BEIJING — They weren’t just vaccine volunteers. They were “revolutionary comrades in arms,” nearly 200 mostly young, brave souls putting their bodies on the line for China and for the world.
“I’m not afraid,” said Zhang Jing, a vaccine trial volunteer, as she and her husband, Zhao Wei, rolled up their sleeves to receive injections, according to a report in the Communist Party newspaper People’s Daily. Zhao worried that their child would be orphaned if they didn’t survive. But Zhang said: “I believe in the motherland.”
Such is the heroic narrative Beijing is promoting as China, having largely contained the coronavirus outbreak within its borders —
even though recent fears of a second wave in the capital prompted new restrictions — sets its sights on the ambitious goal of developing the first COVID-19 vaccine.
Just as the battle to beat the virus was framed as a “people’s war,” so too is the global race to create a vaccine portrayed as a patriotic effort, part of a decades-long goal to prove China is a scientifically advanced state.

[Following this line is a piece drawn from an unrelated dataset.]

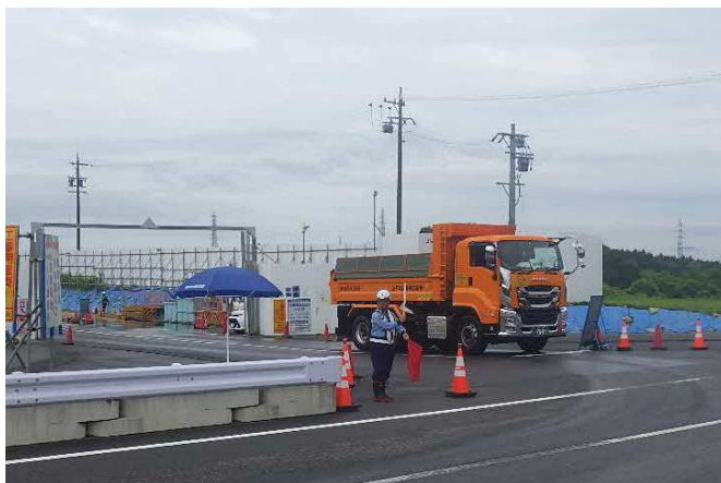
【進出入路仮設ゲート・発生土受入】

The quest for a vaccine is a chance to transform the country’s image, from the perceived source of the novel coronavirus to a savior that stemmed its spread. It is a crucial time — especially as the United States withdraws from its leading role in many international institutions — to persuade the Chinese people, struggling with economic crisis and mass unemployment, that theirs is still a powerful nation.
The pressure to win is entangled in global politics driven by Chinese leader Xi Jinping and President Trump — strong nationalists whose relations have become increasingly strained over the virus’ origins and its devastating impact across the planet.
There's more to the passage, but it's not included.